Shortly after posting "Tips for Surviving an Airplane Crash", comes this report that settlement has been reached with the family of a flight nurse and a paramedic who died in a helicopter crash in Texas. Not surprisingly, considering the findings of my previous post on these issues, the NTSB to pilot error and weather conditions; probable cause was determined to be:

“…the pilot’s failure to maintain aircraft control resulting in the helicopter impacting the water". Factors contributing to the accident were the pilot’s inadvertent flight into instrument meteorological conditions, and the low ceiling, dark night conditions, and the pilot’s lack of recent instrument flying experience.”

The National Weather Service reported sustained winds from 25 to 30 mph on the night of the crash, gusting to 40 mph. A fog bank is also reported to have hampered visibility.

The families were represented by Rosenthal & Watson, an Austin area (Texas) lawfirm, which, obviously, did an excellent job for its clients. Raul Garcia, 40, and Michael Sanchez, 39 were killed in the crash. An aviation expert opined that the pilot experienced spatial disorientation when encountering low clouds near where landing was supposed to occur. The law firm also alleged that the pilot was inexperienced in using instruments to navigate rather than sight, although the helicopter owner, Metro Aviation, had a policy requiring all pilots to attend monthly instrument training sessions.

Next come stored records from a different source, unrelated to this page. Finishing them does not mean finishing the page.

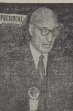
آقای دکتر محمد علی ملکی وزیر سابق بهداشتی و رئیس هیئت نمایندگی دولت ایران در مجمع سازمان بهداشت جهانی دوساعت نیم بعد از ظهر دیروز از ژنو بهرین مراجعت نمود، وی عصر دیروز آقای نخست وزیر را ملاقات کرد و گزارشی از جریان ماموریت خویش و مسائلی که در مجمع مطرح شده بود با اطلاع ایشان رساند آقای ترمه حلی در مصاحبه ای به خبرنگار ماصبح امروز بامشاریه بعمل آورد اظهار داشت. دستور جلسات سازمان شامل دوست بود بیکسخت فنی و یکسخت اداری کیسیونهای اداری مسئول تهیه بوده و تقسیم آن بر حسب احتیاج هر ملکت عضو سازمان بحدود در نظر بقیه در صحنه هفتم

از اقدامات نماینده دولت انگلیس در سازمان بهداشت جهانی مبنی بر دعوی تحت الحماگی بحرین جلوی گیری بعمل آمد کمکهای سازمان بهداشت بدولت ایران در سالیهای جاری و آینده چه میزان خواهد بود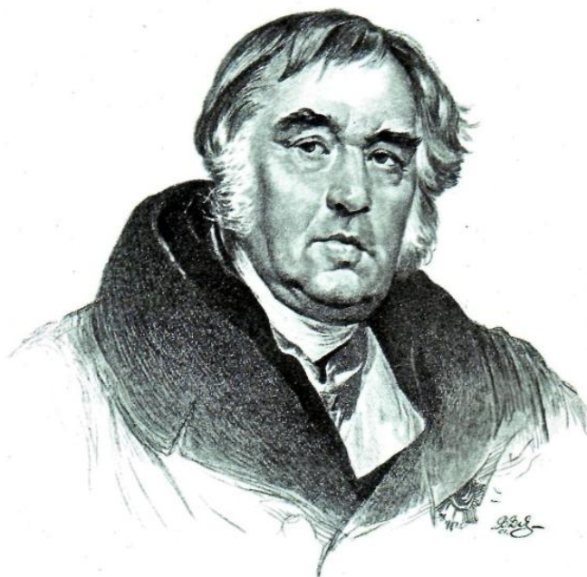
Иван Андреевич КРЫЛОВ (1769—1844)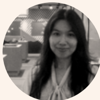
TAIWAN Taiwan Design Center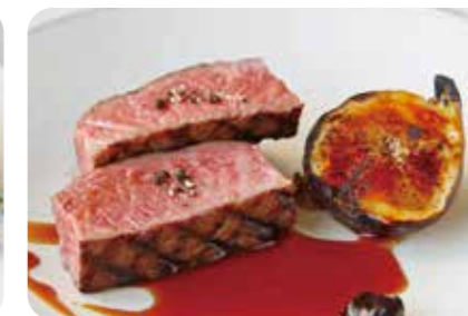
黒毛和牛のグリル 無花果のロースト 黒にんにくとバルサミコのピュレ (+1800yen)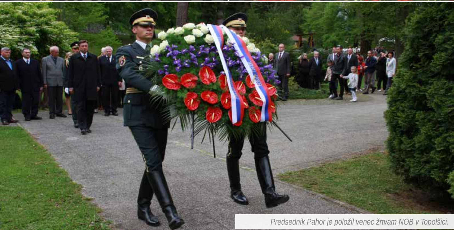
Predsednik Pahor je položil venec žrtvam NOB v Topolšici.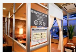
★ 国内線1F CAFE美鈴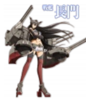
Нагато. Нет, не та, а линкор.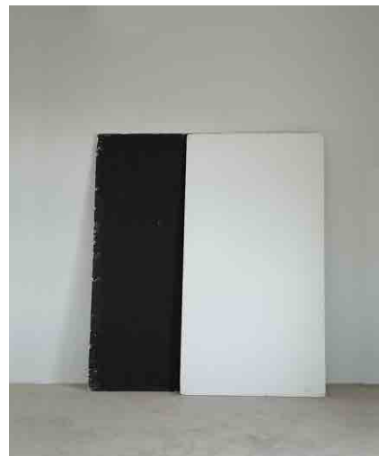
カボック:5 W920 × D400 × H1830mm ※開閉不可

Too late to avoid tragedy, but as the usual result of these types of lawsuits, Metro Aviation has implemented changes to enhance safety when conducting operations. These changes include improved instrument proficiency training, the requirement that night-vision goggles be provided to all pilots, and an end to all open-water approaches. Pilots have also been instructed to turn down flights if weather conditions, ceilings or visibility are at minimum safety thresholds.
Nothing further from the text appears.